Activity: The data must be given again in full, with no line altered.

[Stored dataset items]

════

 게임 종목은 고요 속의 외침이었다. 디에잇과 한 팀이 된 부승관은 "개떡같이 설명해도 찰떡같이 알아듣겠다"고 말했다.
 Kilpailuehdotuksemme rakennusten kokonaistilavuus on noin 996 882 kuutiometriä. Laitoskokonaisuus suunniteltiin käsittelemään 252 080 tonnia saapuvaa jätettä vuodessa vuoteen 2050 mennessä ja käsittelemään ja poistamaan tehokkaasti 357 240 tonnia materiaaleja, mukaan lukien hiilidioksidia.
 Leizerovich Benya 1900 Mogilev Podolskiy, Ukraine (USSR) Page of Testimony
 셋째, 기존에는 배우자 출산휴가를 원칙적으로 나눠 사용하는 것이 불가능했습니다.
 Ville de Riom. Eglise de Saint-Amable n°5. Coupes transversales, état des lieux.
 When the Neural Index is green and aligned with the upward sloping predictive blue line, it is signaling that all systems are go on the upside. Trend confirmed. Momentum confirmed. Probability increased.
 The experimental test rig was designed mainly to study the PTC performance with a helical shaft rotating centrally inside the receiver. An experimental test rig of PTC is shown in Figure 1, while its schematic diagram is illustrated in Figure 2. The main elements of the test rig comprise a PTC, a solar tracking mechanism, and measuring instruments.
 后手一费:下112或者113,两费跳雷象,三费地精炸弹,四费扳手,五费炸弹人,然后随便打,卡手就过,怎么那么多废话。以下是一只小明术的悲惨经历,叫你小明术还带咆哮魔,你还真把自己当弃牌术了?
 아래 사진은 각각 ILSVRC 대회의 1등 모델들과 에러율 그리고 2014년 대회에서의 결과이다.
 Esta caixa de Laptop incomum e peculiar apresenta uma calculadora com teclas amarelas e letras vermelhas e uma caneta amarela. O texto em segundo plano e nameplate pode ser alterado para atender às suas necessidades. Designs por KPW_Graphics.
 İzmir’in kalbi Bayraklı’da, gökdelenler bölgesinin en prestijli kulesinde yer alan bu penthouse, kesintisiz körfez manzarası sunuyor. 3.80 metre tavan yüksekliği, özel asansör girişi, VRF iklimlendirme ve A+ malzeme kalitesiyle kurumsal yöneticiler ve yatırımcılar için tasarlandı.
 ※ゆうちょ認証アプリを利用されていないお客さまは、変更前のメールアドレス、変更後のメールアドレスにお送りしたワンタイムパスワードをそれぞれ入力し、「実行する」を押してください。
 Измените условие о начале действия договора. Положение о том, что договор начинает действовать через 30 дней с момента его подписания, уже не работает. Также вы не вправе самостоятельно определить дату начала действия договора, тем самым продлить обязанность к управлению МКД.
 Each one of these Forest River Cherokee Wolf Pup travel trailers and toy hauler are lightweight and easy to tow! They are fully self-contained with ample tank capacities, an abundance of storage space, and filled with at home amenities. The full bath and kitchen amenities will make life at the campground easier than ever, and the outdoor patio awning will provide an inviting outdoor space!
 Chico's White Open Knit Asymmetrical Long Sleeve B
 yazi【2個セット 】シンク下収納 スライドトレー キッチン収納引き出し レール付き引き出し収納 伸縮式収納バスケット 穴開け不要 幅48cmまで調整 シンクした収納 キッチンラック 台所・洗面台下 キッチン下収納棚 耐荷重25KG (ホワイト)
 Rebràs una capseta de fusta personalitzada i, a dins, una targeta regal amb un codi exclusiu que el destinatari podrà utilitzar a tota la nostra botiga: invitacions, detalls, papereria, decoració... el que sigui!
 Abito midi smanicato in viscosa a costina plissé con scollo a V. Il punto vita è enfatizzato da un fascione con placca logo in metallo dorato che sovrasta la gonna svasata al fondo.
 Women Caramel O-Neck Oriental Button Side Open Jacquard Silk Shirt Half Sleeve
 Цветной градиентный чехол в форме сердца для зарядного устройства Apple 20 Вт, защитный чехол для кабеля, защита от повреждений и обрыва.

════

Answer to this problem:
 게임 종목은 고요 속의 외침이었다. 디에잇과 한 팀이 된 부승관은 "개떡같이 설명해도 찰떡같이 알아듣겠다"고 말했다.
 Kilpailuehdotuksemme rakennusten kokonaistilavuus on noin 996 882 kuutiometriä. Laitoskokonaisuus suunniteltiin käsittelemään 252 080 tonnia saapuvaa jätettä vuodessa vuoteen 2050 mennessä ja käsittelemään ja poistamaan tehokkaasti 357 240 tonnia materiaaleja, mukaan lukien hiilidioksidia.
 Leizerovich Benya 1900 Mogilev Podolskiy, Ukraine (USSR) Page of Testimony
 셋째, 기존에는 배우자 출산휴가를 원칙적으로 나눠 사용하는 것이 불가능했습니다.
 Ville de Riom. Eglise de Saint-Amable n°5. Coupes transversales, état des lieux.
 When the Neural Index is green and aligned with the upward sloping predictive blue line, it is signaling that all systems are go on the upside. Trend confirmed. Momentum confirmed. Probability increased.
 The experimental test rig was designed mainly to study the PTC performance with a helical shaft rotating centrally inside the receiver. An experimental test rig of PTC is shown in Figure 1, while its schematic diagram is illustrated in Figure 2. The main elements of the test rig comprise a PTC, a solar tracking mechanism, and measuring instruments.
 后手一费:下112或者113,两费跳雷象,三费地精炸弹,四费扳手,五费炸弹人,然后随便打,卡手就过,怎么那么多废话。以下是一只小明术的悲惨经历,叫你小明术还带咆哮魔,你还真把自己当弃牌术了?
 아래 사진은 각각 ILSVRC 대회의 1등 모델들과 에러율 그리고 2014년 대회에서의 결과이다.
 Esta caixa de Laptop incomum e peculiar apresenta uma calculadora com teclas amarelas e letras vermelhas e uma caneta amarela. O texto em segundo plano e nameplate pode ser alterado para atender às suas necessidades. Designs por KPW_Graphics.
 İzmir’in kalbi Bayraklı’da, gökdelenler bölgesinin en prestijli kulesinde yer alan bu penthouse, kesintisiz körfez manzarası sunuyor. 3.80 metre tavan yüksekliği, özel asansör girişi, VRF iklimlendirme ve A+ malzeme kalitesiyle kurumsal yöneticiler ve yatırımcılar için tasarlandı.
 ※ゆうちょ認証アプリを利用されていないお客さまは、変更前のメールアドレス、変更後のメールアドレスにお送りしたワンタイムパスワードをそれぞれ入力し、「実行する」を押してください。
 Измените условие о начале действия договора. Положение о том, что договор начинает действовать через 30 дней с момента его подписания, уже не работает. Также вы не вправе самостоятельно определить дату начала действия договора, тем самым продлить обязанность к управлению МКД.
 Each one of these Forest River Cherokee Wolf Pup travel trailers and toy hauler are lightweight and easy to tow! They are fully self-contained with ample tank capacities, an abundance of storage space, and filled with at home amenities. The full bath and kitchen amenities will make life at the campground easier than ever, and the outdoor patio awning will provide an inviting outdoor space!
 Chico's White Open Knit Asymmetrical Long Sleeve B
 yazi【2個セット 】シンク下収納 スライドトレー キッチン収納引き出し レール付き引き出し収納 伸縮式収納バスケット 穴開け不要 幅48cmまで調整 シンクした収納 キッチンラック 台所・洗面台下 キッチン下収納棚 耐荷重25KG (ホワイト)
 Rebràs una capseta de fusta personalitzada i, a dins, una targeta regal amb un codi exclusiu que el destinatari podrà utilitzar a tota la nostra botiga: invitacions, detalls, papereria, decoració... el que sigui!
 Abito midi smanicato in viscosa a costina plissé con scollo a V. Il punto vita è enfatizzato da un fascione con placca logo in metallo dorato che sovrasta la gonna svasata al fondo.
 Women Caramel O-Neck Oriental Button Side Open Jacquard Silk Shirt Half Sleeve
 Цветной градиентный чехол в форме сердца для зарядного устройства Apple 20 Вт, защитный чехол для кабеля, защита от повреждений и обрыва.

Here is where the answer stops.